Intel Says to Prepare For "Thousands of Cores"

← Back to Stories (view on slashdot.org)

Intel Says to Prepare For "Thousands of Cores"

Posted by ScuttleMonkey on Wednesday July 2, 2008 @08:42AM from the viva-la-coding-revolucion dept.

Impy the Impiuos Imp writes to tell us that in a recent statement Intel has revealed their plans for the future and it goes well beyond the traditional processor model.
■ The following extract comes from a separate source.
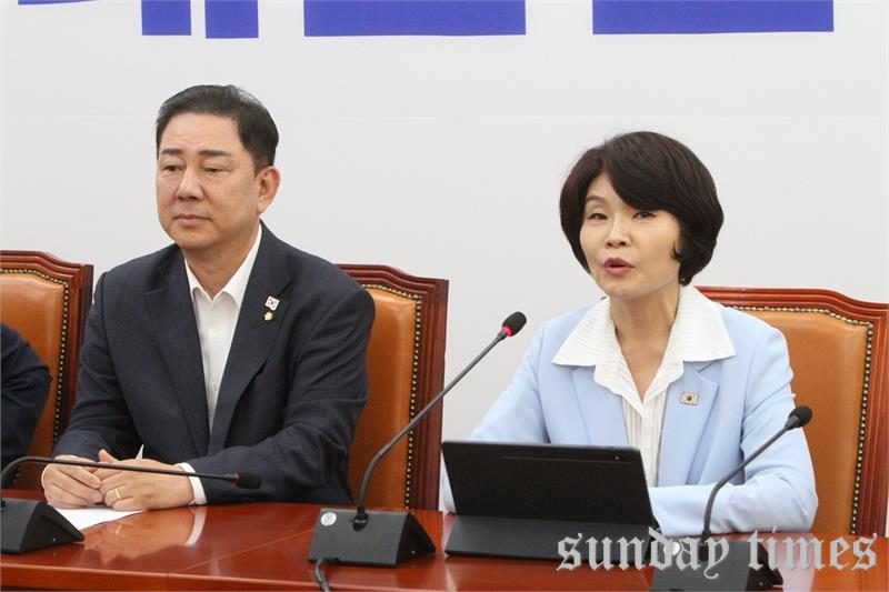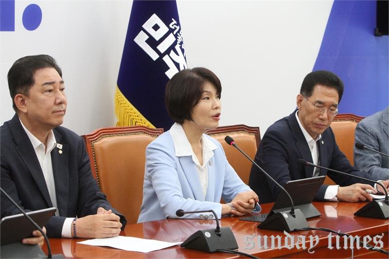 [선데이타임즈=윤석문 기자]한정애 더불어민주당 정책위의장이 7일 오전 서울 여의도 국회에서 열린 정책조정회의에서 “경제 도약은 이제 시작이다. 당과 정부는 원팀이 되어 대한민국의 회복과 성장에 더욱 매진하겠다”라며, “우선 2차 소비 쿠폰이 9월에 차질 없이 지급되도록 만전을 기하겠다. 또한 추가적인 소비 진작 대책도 속도감 있게 추진하겠다”라고 밝히며, 발언하고 있다.
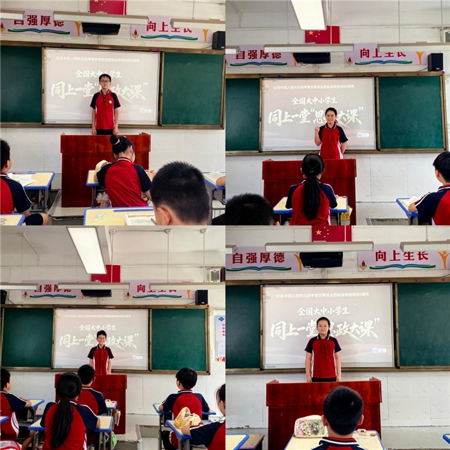 在观看过程中,同学们神情专注,不时记录下触动心灵的瞬间。老师们也结合课程内容,引导学生思考新时代青少年应如何传承和弘扬抗战精神,把爱国情、强国志、报国行融入日常学习与生活中。听完本次思政大课,六年级学生张嘉睿感悟到“和平来之不易”。几位五六年级的学生都提及,自己要在日常的学习和生活中完成好自身的本职任务,像先辈一样不畏艰苦,不怕困难,努力解决问题,坚持到底。

Suggesting developers start thinking about tens, hundreds, or even thousand or cores, it seems Intel is pushing for a massive evolution in the way processing is handled. "Now, however, Intel is increasingly 'discussing how to scale performance to core counts that we aren't yet shipping...Dozens, hundreds, and even thousands of cores are not unusual design points around which the conversations meander,' [Anwar Ghuloum, a principal engineer with Intel's Microprocessor Technology Lab] said. He says that the more radical programming path to tap into many processing cores 'presents the "opportunity" for a major refactoring of their code base, including changes in languages, libraries, and engineering methodologies and conventions they've adhered to for (often) most of the their software's existence.'"

15 of 638 comments (clear)

Min score:

Reason:

Sort:

Re:Not Sure I'm Getting It by Delwin · 2008-07-02 08:46 · Score: 5, Informative

Because each core is no longer task switching. Once you have more cores than tasks you can remove all the context switching logic and optimize the cores to run single processes as fast as possible.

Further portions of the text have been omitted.